BITS in the term “BITSAdmin” stands for Background Intelligent Transfer Service (BITS). BITS is a component of Microsoft Windows operating systems which facilitates updates and other applications to operate in the background without interrupting other networked applications.
Cybercriminals have learned to abuse BITS by using this legitimate administration tool for downloading, executing and even cleaning up after running malicious code. The interface to create and manage BITS jobs or tasks is accessible through PowerShell, a tool capable of executing code from memory and providing administrative access directly to a device's core, and BITSAdmin tool, a tool that can be used to create download or upload BITS jobs and monitor their progress.
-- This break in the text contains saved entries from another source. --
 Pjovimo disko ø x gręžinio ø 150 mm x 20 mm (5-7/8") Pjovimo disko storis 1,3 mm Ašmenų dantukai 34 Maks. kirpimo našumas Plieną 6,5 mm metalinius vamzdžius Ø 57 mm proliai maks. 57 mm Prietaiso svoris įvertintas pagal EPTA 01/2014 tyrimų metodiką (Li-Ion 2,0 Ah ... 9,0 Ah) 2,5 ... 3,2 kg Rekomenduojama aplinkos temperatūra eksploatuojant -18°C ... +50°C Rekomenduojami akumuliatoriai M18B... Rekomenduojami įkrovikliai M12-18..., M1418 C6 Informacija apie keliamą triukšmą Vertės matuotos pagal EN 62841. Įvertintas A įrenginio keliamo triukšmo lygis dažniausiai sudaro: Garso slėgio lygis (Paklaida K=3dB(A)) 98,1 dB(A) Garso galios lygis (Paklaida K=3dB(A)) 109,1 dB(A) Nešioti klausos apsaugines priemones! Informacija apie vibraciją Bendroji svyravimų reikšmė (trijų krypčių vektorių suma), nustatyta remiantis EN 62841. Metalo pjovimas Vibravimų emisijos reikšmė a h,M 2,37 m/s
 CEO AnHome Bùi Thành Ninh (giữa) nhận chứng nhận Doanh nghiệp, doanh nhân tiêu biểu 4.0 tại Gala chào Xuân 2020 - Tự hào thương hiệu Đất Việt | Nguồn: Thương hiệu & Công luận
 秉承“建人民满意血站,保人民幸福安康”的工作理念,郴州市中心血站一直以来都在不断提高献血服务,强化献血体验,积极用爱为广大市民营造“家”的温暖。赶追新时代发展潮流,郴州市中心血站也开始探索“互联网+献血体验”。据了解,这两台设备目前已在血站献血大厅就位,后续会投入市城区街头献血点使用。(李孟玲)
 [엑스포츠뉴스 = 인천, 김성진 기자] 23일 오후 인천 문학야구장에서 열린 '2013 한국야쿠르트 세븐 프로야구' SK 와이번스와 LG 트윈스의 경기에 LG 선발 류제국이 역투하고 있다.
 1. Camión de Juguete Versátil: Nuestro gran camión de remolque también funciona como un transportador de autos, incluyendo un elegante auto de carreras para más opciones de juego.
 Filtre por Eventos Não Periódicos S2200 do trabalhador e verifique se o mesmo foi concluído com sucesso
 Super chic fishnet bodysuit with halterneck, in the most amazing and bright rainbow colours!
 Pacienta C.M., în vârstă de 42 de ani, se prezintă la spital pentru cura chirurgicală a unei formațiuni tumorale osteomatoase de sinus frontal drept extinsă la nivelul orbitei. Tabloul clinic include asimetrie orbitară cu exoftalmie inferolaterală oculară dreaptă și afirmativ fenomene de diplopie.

In the past, cybercriminals behind Qbot have used PowerShell to download and run the Mimikatz, another malware that steals credentials, allowing attackers to move rapidly across a network once they have established an initial foothold.
Researchers at Varonis reported that the latest Qbot, uses BITSAdmin, another common administration tool in Windows operating systems, to download Qbot’s loader – a component that executes the core malware.
The abuse of legitimate administration tools such as PowerShell and the BITSAdmin are examples of “living off the land” cyberattack techniques that exploit tools that already exist on targeted computers. Exploiting these common administration tools makes detection difficult.
One probable explanation why the cyberattackers behind the latest variant of Qbot use the administration tool BITSAdmin, instead of PowerShell, is that PowerShell is now closely monitored on enterprise systems. A recent study conducted by IBMshowed that more than half or 57% of cyberattacks exploit tools that already exist on targeted computers. The IBM study highlighted that the administration tool that’s often exploited by cyberattackers is PowerShell.
Cyberattackers that abuse PowerShell and BITSAdmin have first to execute their malicious code on the targeted computer. The initial infection of PowerShell and BITSAdmin-based attacks is often phishing attacks, attacks that use malicious emails that contain malicious attachments and/or links.
In the case of the latest variant of Qbot, Varonis researchers said the first infection was likely carried out via a phishing email that tricked the victim into running a malicious file. Cybersecurity best practices for mitigating phishing attacks also apply for mitigating PowerShell and BITSAdmin-based attacks. These mitigating measures include deleting any suspicious emails, especially those containing suspicious links and/or attachments, and avoiding enabling macros in Microsoft Office.
Disabling all BITS functionality, meanwhile, as a preventive measure is a tricky business as this will likely have unintentional side effects, such as preventing legitimate software patching and updating. Some of the mitigating measures that are specific to BITSAdmin-based attacks include modifying host firewall rules and other network controls to only allow legitimate BITS traffic, and monitoring usage of the BITSAdmin tool, including the command options “Transfer”, “Create”, “AddFile”, “SetNotifyFlags”, “SetNotifyCmdLine”, “SetMinRetryDelay” and “Resume”.